+++ TASK INPUTS
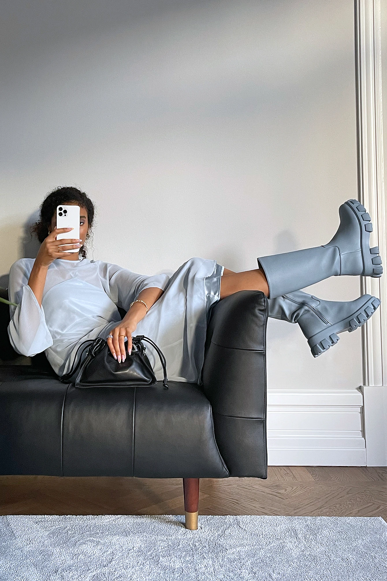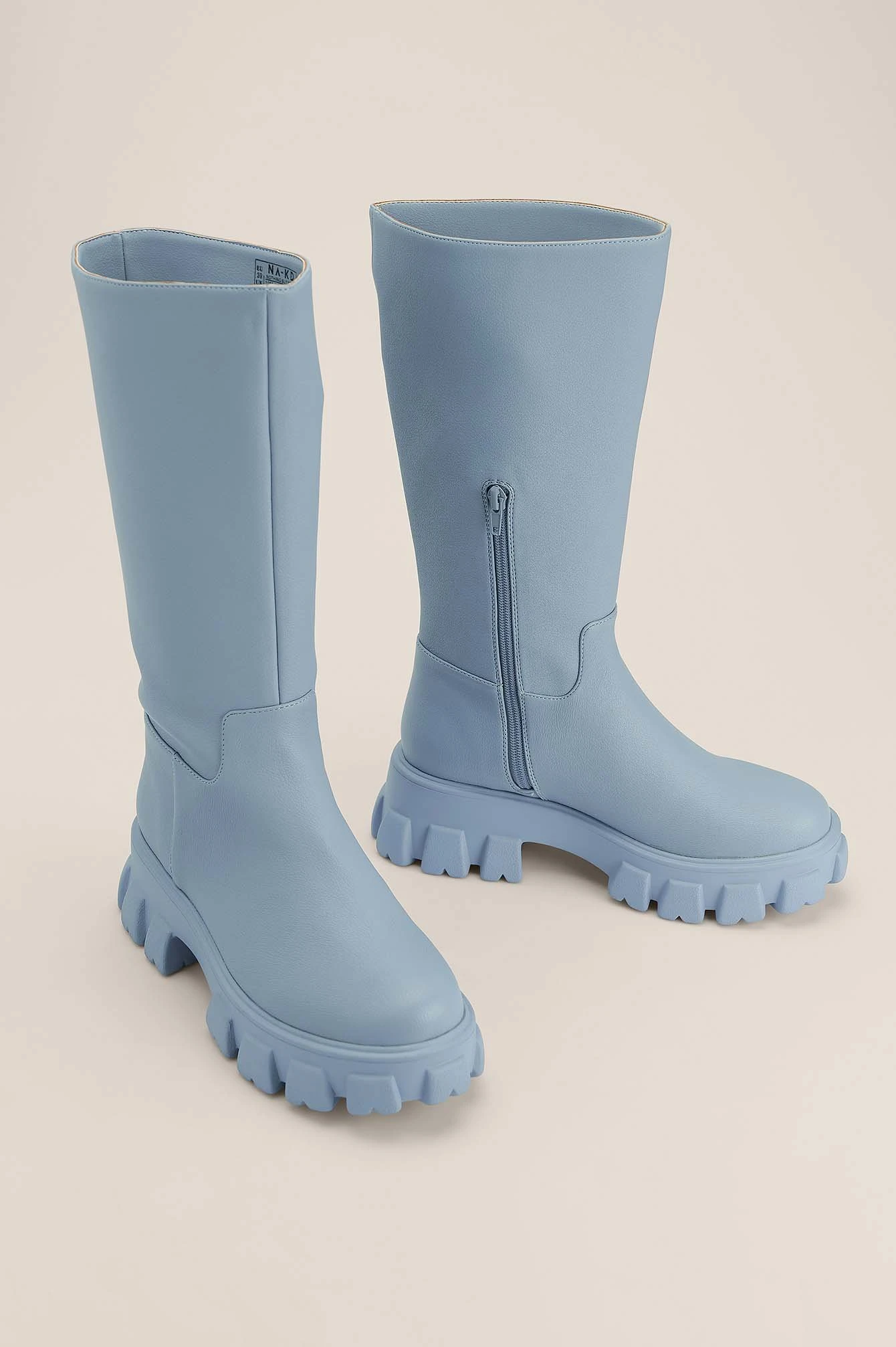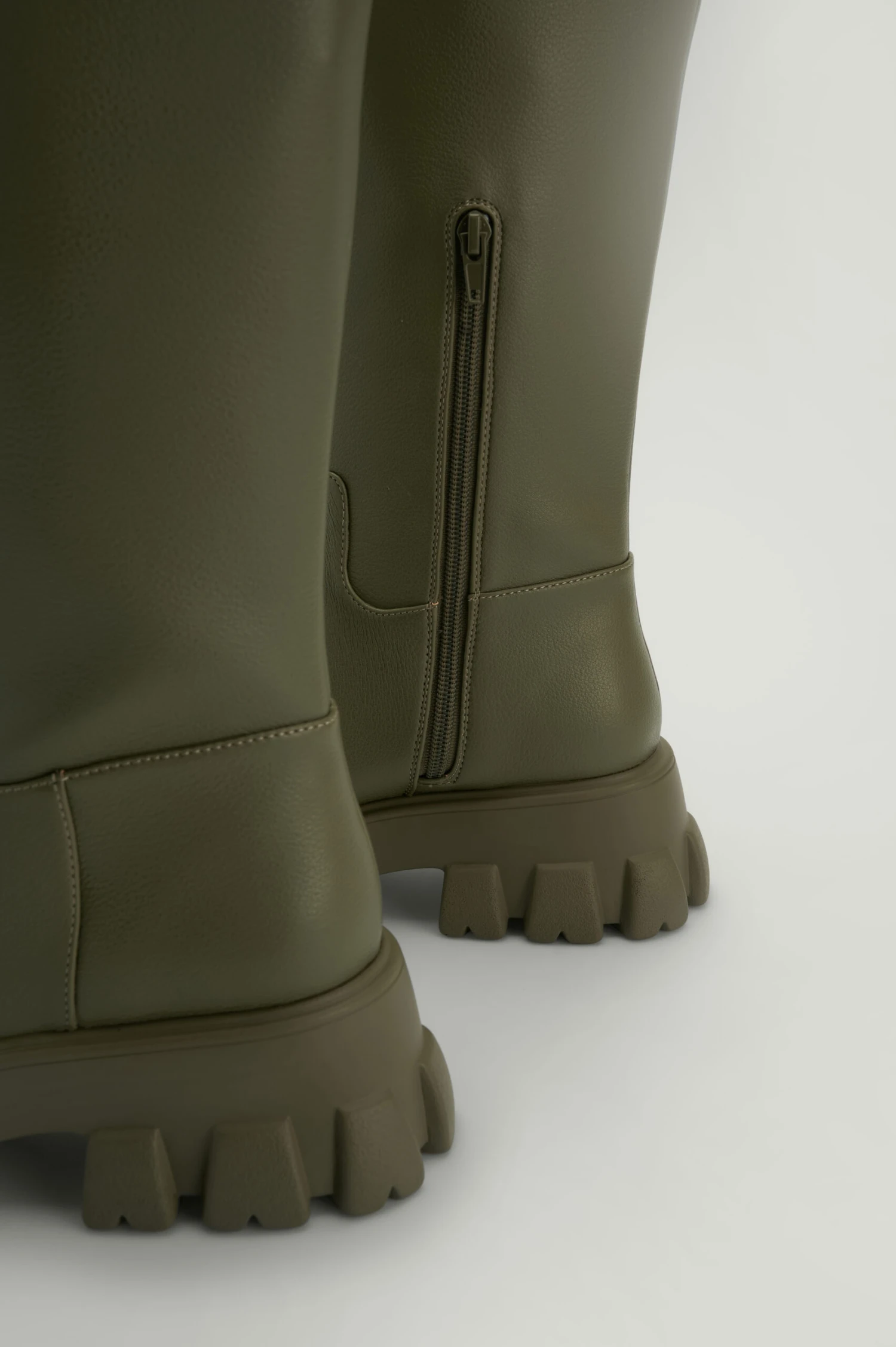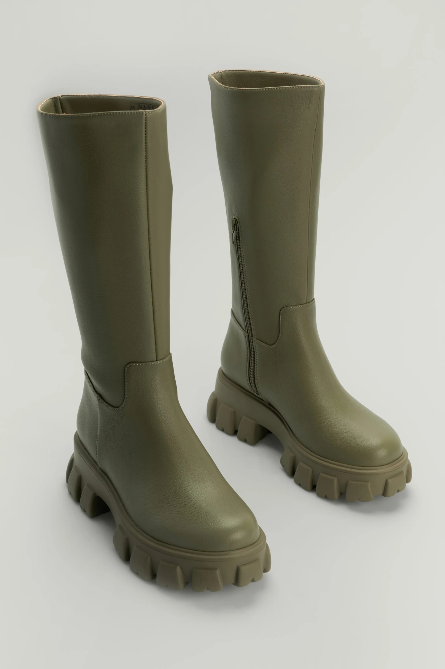 These boots are knee high and feature a rounded toe, a chunky sole and a side zipper. Measurements in size 39: Sole height: 4,2 cm / 1.10 in. Heel height: 6,1 cm / 2.6 in. Shaft height: 33 cm / 12.13 in. Shaft circumference around the calf: 34 cm / 13.8 in.
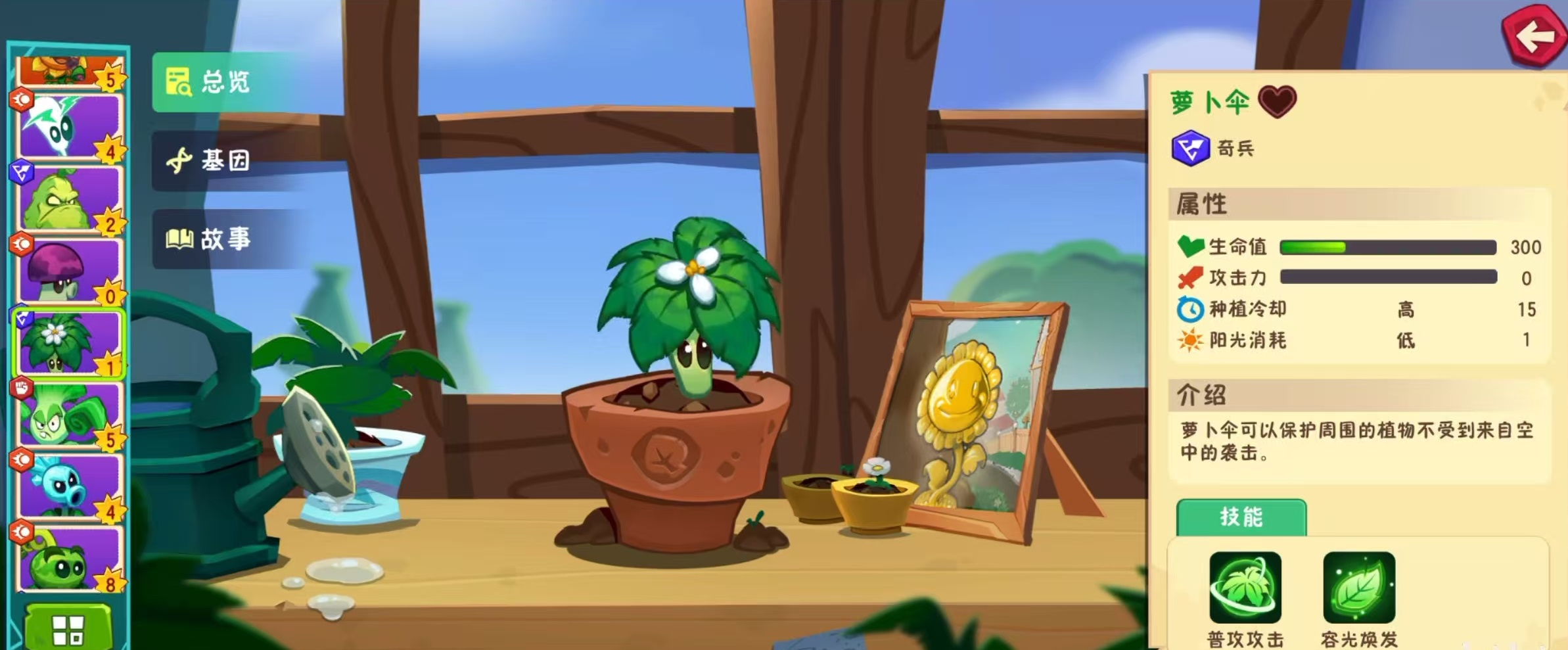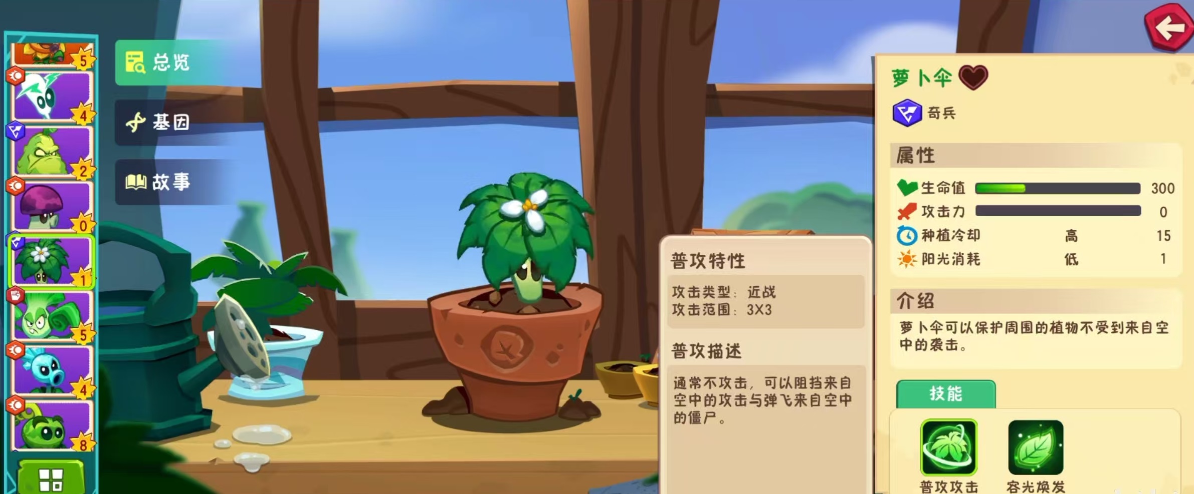 1、蘿卜傘核心能力是守護周圍功能性植物與輸出植物,使其免受空中攻擊威脅,在存在飛行僵尸或高空拋物僵尸的關(guān)卡中,能為其他植物創(chuàng)造安全的輸出環(huán)境。
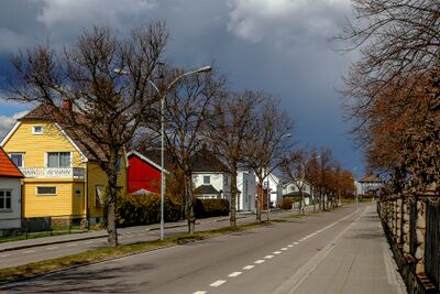 Gata er oppkalt etter lekpredikanten og folkeopplyseren Hans Nielsen Hauge, som ble født på gården Hauge i Rolvsøy mens dette fortsatt var en del av Tune menighet. Langs vestsiden av gata er det mye interessant villabebyggelse fra forskjellige epoker.
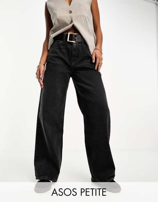 ASOS DESIGN Petite – Czarne jeansy o fasonie dad z szerokimi nogawkami i efektem sprania
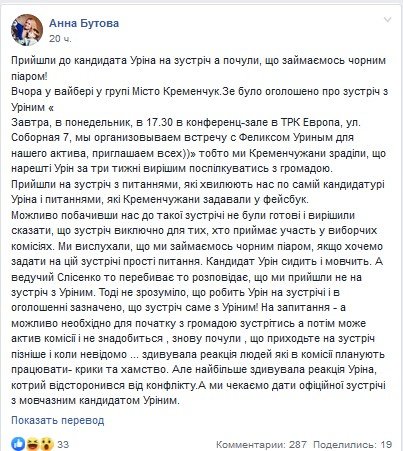 Приглашение – точнее, требование – прийти на стадион Кавунник разместил сегодня на своей странице в Фейсбук. Ответа Урина до сих пор нет.
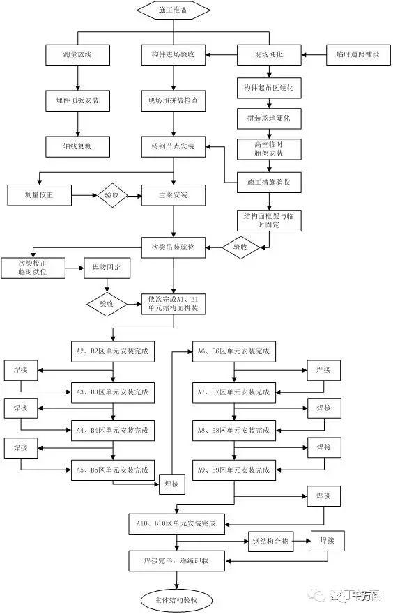 (9)吊裝耳板、臨時(shí)措施連接件、膜結構連接件以及其他專(zhuān)業(yè)需要在工廠(chǎng)進(jìn)行裝配焊接的連接件或二次結構,必須在工廠(chǎng)定位焊接完畢。
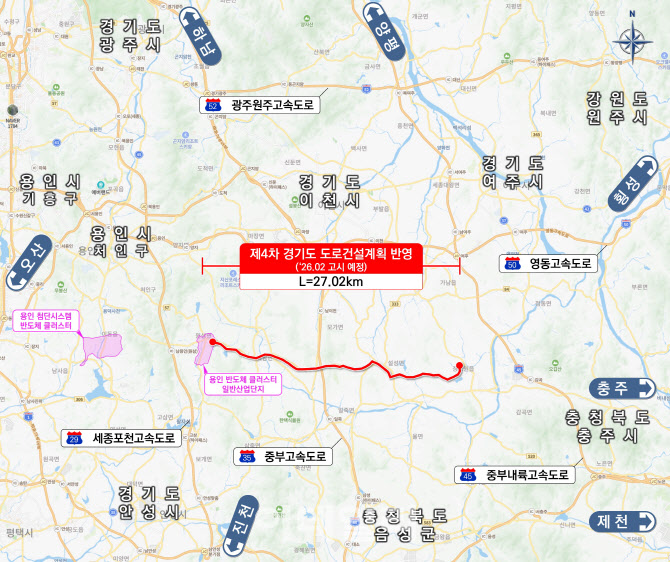 경기도 이천부터 용인까지 이어지는 27㎞ 길이 신설 도로 지방도 318호선 밑으로 전력망을 까는 ‘신설 도로 지중화’ 방식이다. 이 방식을 적용하면 반도체 클러스터 전력 공급에 가장 큰 걸림돌로 작용하는 ‘송전탑 갈등’도 없앨 수 있을 전망이다.
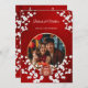 Den här eleganten innehåller en kinesisk bröllopsinbjudan ett runt foto omgivet av vit körsbärsfärs blommar grenar och en runt guld dubbla lyckosymbol på en skakande blommigt röd bakgrund. Namn i en elegant med klassiskt skript. Kinesisk bröllopsinbjudan eller teceremonin.
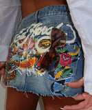 Y2K Streetwear Jeansrock aus blauem Denim mit Hip Hop-Aufdruck
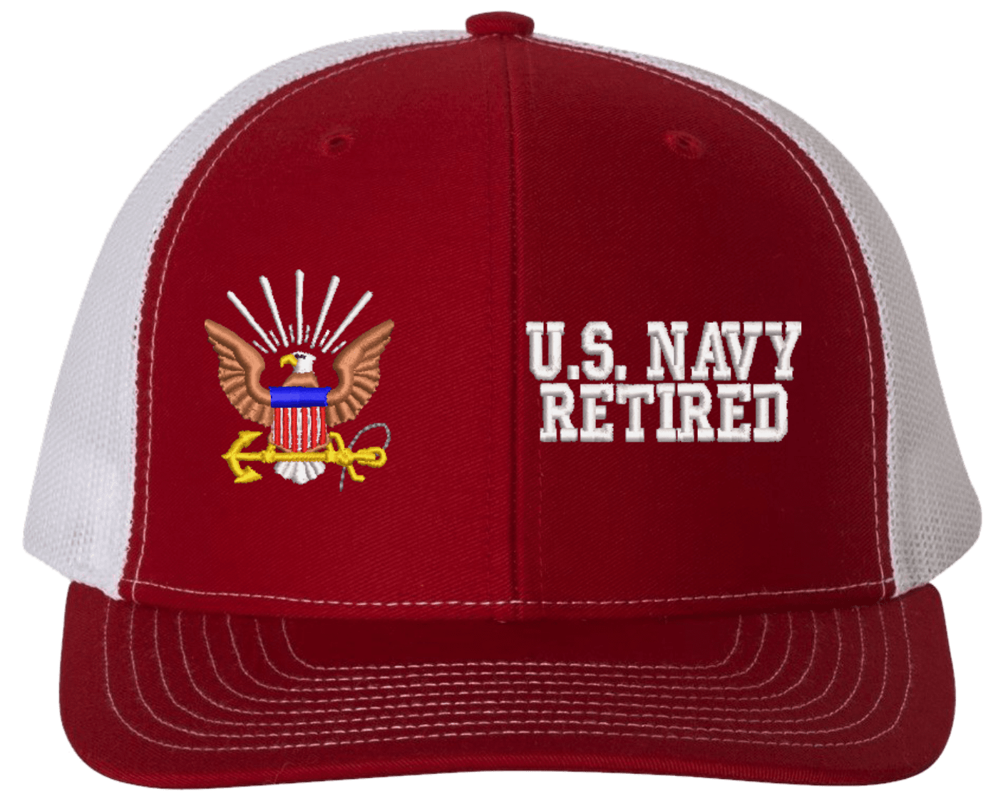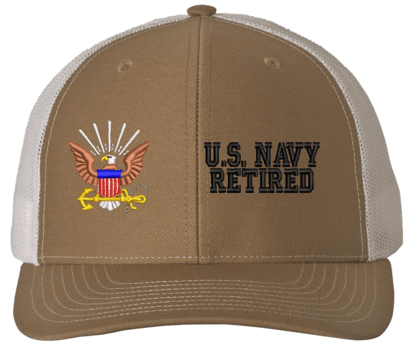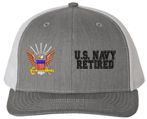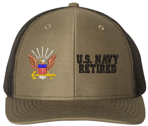 MilitaryBest is proud to offer this U.S. Navy Retired Mesh Back Cap. The design of this U.S. Navy Cap is crisp, clean, and sure to be loved by people of all ages! Select above from our many cap colors. This U.S. Navy Retired Mesh Back Cap is crafted by our skilled embroidery technicians at our facilities in Scottsboro, AL. As with all MilitaryBest items, your satisfaction is guaranteed!Caps ordered with custom embroidered personalized back text require an additional 2 to 3 days production time. All custom back text will be embroidered in ALL CAPITAL LETTERS. Caps personalized with back text are non-returnable unless there is a material defect in the cap.
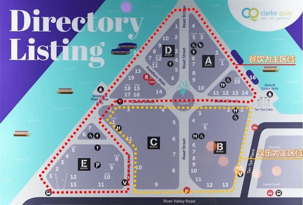 咘咘在经过Read Bridge的时候拍了一张码头的导览图,通过这张图我们可以了解下码头的功能组成与空间布局:码头以广场为中心分为5个区域,以临河距离为依据,进行功能板块的划分,沿河的A、D、E区域主要以餐饮为主,分布了咖啡店、露天水上餐厅等;B、C区域则以娱乐为主,分布了酒吧、购物商店,同时预留了大面积的停车设施。
++++++
• [WHAT THE EXERCISE ASKS]:
Look above for the line containing "Den här eleganten", then copy exactly from it through the line containing "MilitaryBest is proud", keeping both and leaving out pictures. Add nothing else.

• [EXERCISE OUTPUT]:
 Den här eleganten innehåller en kinesisk bröllopsinbjudan ett runt foto omgivet av vit körsbärsfärs blommar grenar och en runt guld dubbla lyckosymbol på en skakande blommigt röd bakgrund. Namn i en elegant med klassiskt skript. Kinesisk bröllopsinbjudan eller teceremonin.
 Y2K Streetwear Jeansrock aus blauem Denim mit Hip Hop-Aufdruck
 MilitaryBest is proud to offer this U.S. Navy Retired Mesh Back Cap. The design of this U.S. Navy Cap is crisp, clean, and sure to be loved by people of all ages! Select above from our many cap colors. This U.S. Navy Retired Mesh Back Cap is crafted by our skilled embroidery technicians at our facilities in Scottsboro, AL. As with all MilitaryBest items, your satisfaction is guaranteed!Caps ordered with custom embroidered personalized back text require an additional 2 to 3 days production time. All custom back text will be embroidered in ALL CAPITAL LETTERS. Caps personalized with back text are non-returnable unless there is a material defect in the cap.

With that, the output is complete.